My pulse was fast as I took the box to the hole in the floor. "Catch," I said, dropping it when Robbie looked up.

He fumbled it, and the box smacked noisily into the wall. I didn't wait to see him glare up at me. Spinning away, I went for the next one. Robbie had gained the attic by the time I turned back around. "Get out of my way," I said, frowning at his tall height, hunched in the low ceiling.

"Rachel."

He wasn't moving, and unless I wanted to take the direct route to the hallway by way of crashing through the ceiling, I was stuck here. "I always knew you were a prick," I said, drawing on years of frustration. "But this is pathetic. You come back here and get her all stirred up and convince her to move out there with you and your new wife. I'm the one who held her together when Dad died, not you. You ran off and left me to cope with her. I was thirteen, Robbie!" I hissed, trying to keep my voice down but failing. "How dare you come out here and take her from me now, just when she's gotten herself together."
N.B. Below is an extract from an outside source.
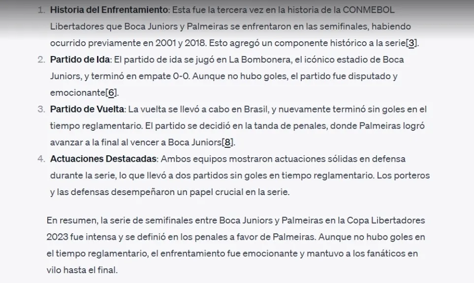 “La vuelta se llevó a cabo en Brasil y nuevamente terminó sin goles en el tiempo reglamentario”, comenzó el bot impulsado por IA en un intento por adelantarse a los hechos. El final fue de infarto: “El partido se decidió en la tanda de los penales, donde Palmeiras logró avanzar a la final al vencer a Boca Juniors”.

Robbie's face was red, and he shifted his thin shoulders. "Shut up."

"No, you shut up," I snapped. "She's happy here. She's got her friends, and this is where all her memories are. Can't you just leave us alone? Like you used to?"

Robbie took the box from me and set it beside him. "I said shut up. She needs to get out of here for every reason you just mentioned. And don't you be so selfish, keeping her here when she finally finds the courage to do it. Do you like seeing her like that?" he said, pointing to the unseen kitchen. "Dressing like an old lady? Talking like her life is over? That's not who she is. I remember her before Dad died, and that old lady isn't her. She's ready to let Dad go. Let her."
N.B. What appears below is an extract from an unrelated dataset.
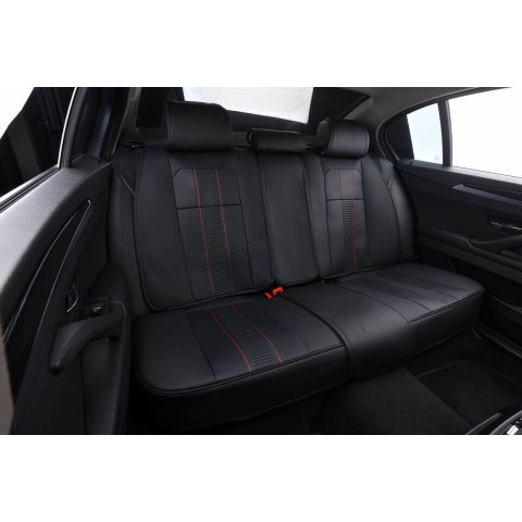 1 kép Univerzális autósüléshuzat-garnitúra, fekete ecobőr, piros varrással, elöl-hátul

Arms crossed over my chest, I exhaled.

"I'm not taking her from you," he said, softer now. "You held her together when Dad died. I was a coward. I was stupid. But if you don't let her go now, then you're the coward."
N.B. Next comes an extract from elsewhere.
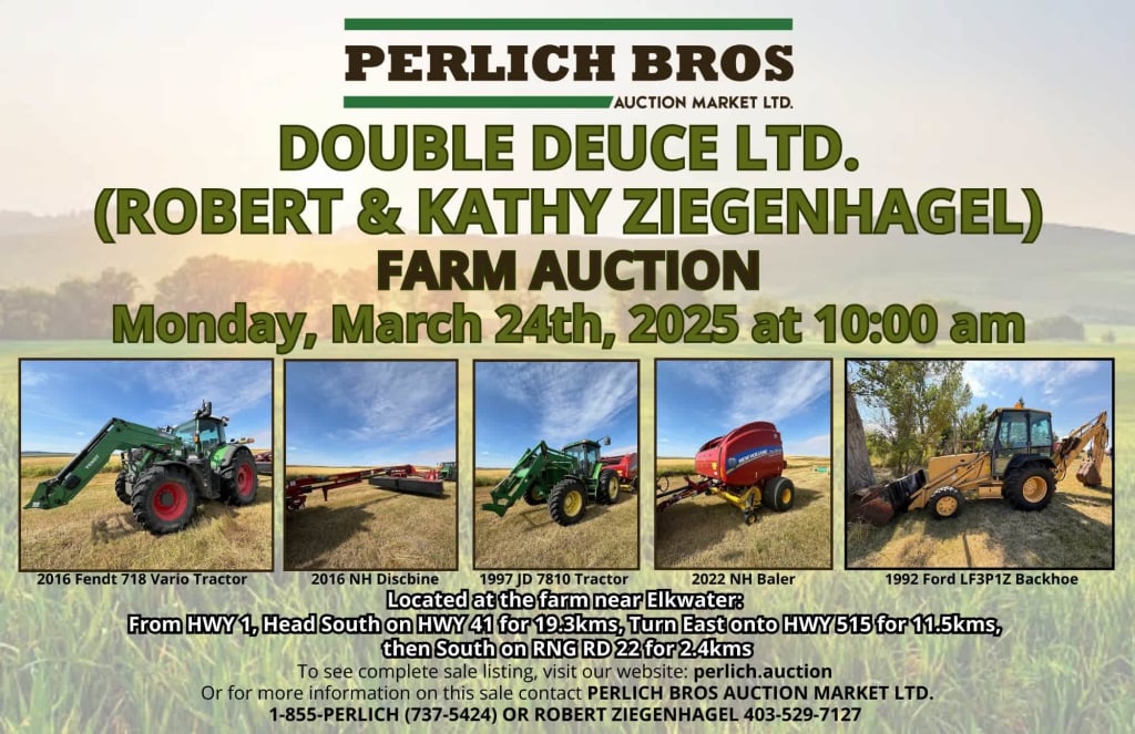 Perlich Bros is honoured to conduct the Double Deuce Ltd. (Robert & Kathy Ziegenhagel) Farm Auction

I didn't like what I was hearing, but figuring he was right, I looked up at him. My face was twisted and ugly, but that's how I felt.

"She wants to be closer to Takata," he said, and I puffed in disgust. Sure, bring him into it. "She wants to be closer to Takata, and Takata can't live in Cincinnati," he said persuasively. "She doesn't have any friends here. Not really. And thanks to you, she can't sell her charms—now that you've been shunned."

Shock washed cold through me, and my expression blanked. "Y-you know about that?"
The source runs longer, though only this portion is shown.